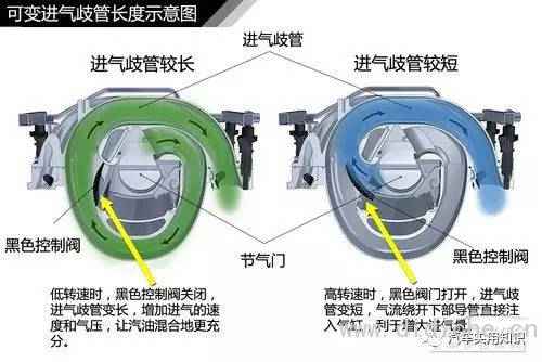 当发动机低速运转时,黑色控制阀关闭,气流被迫从长歧管流入气缸,可以增加进气的气流速度和压强,使汽油和空气更好的混合,燃烧更充分(这个有点像把水流不急的水管捏扁后,水流速度会变急的原理一样)。当发动机转速升高时,控制阀门打开,气流绕开下端管道直接进入气缸,这时能更快吸入更多的空气,增大发动机高转速的进气量。
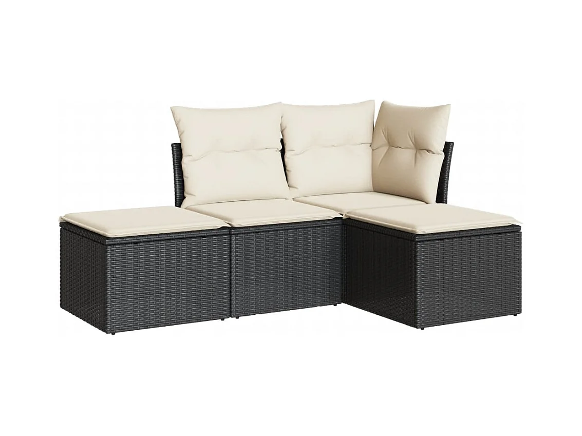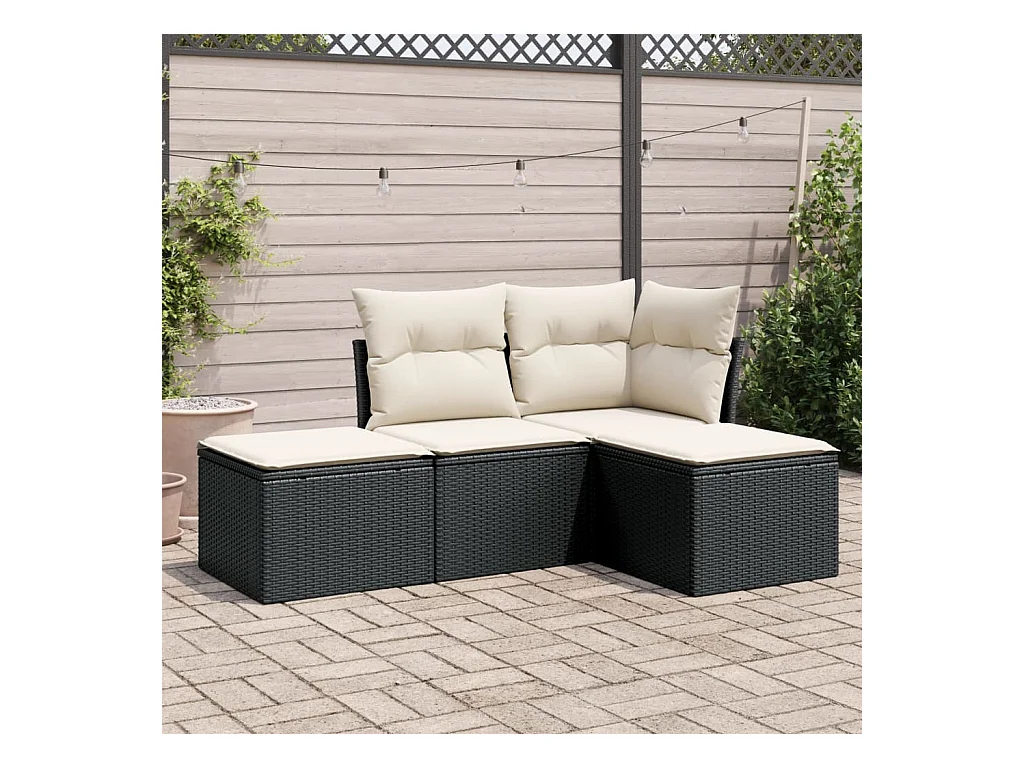 Salon de jardin 4 pcs avec coussins noir résine tressée
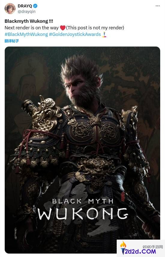 而在金摇杆年度游戏大奖正式颁发,《黑神话:悟空》喜提桂冠时,他也发推进行了祝贺,同时表示《黑神话》主题的下个3D作品正在制作当中。为避免误会,他特别提醒推文下面带的是官图,不是他渲染的。期待他的下一个作品。
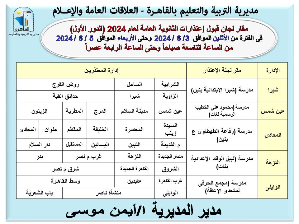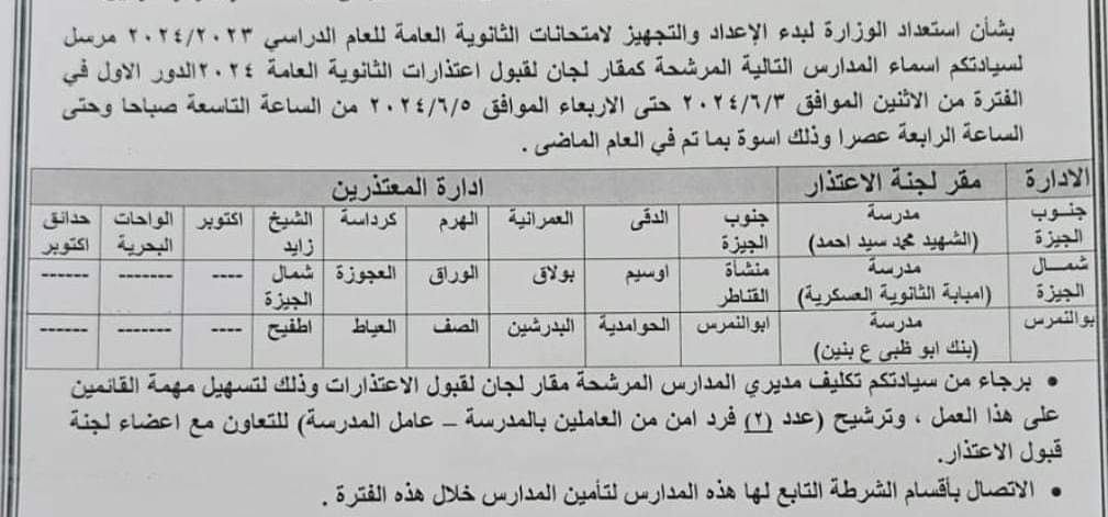 ومن جهته، أكد أشرف سلومة وكيل وزارة التربية والتعليم بالجيزة، بأنه تم تحديد عدد من مقار اعتذار الثانوية العامة بداية من اليوم الاثنين الموافق ٣ يونيو حتى يوم الاربعاء الموافق ٥ يونيو ٢٠٢٤.

-----

Work required: Exactly as written, give again every line from the one containing "Salon de jardin" through the last line of the material, both included, with the pictures left out.

Exercise response:
 Salon de jardin 4 pcs avec coussins noir résine tressée
 而在金摇杆年度游戏大奖正式颁发,《黑神话:悟空》喜提桂冠时,他也发推进行了祝贺,同时表示《黑神话》主题的下个3D作品正在制作当中。为避免误会,他特别提醒推文下面带的是官图,不是他渲染的。期待他的下一个作品。
 ومن جهته، أكد أشرف سلومة وكيل وزارة التربية والتعليم بالجيزة، بأنه تم تحديد عدد من مقار اعتذار الثانوية العامة بداية من اليوم الاثنين الموافق ٣ يونيو حتى يوم الاربعاء الموافق ٥ يونيو ٢٠٢٤.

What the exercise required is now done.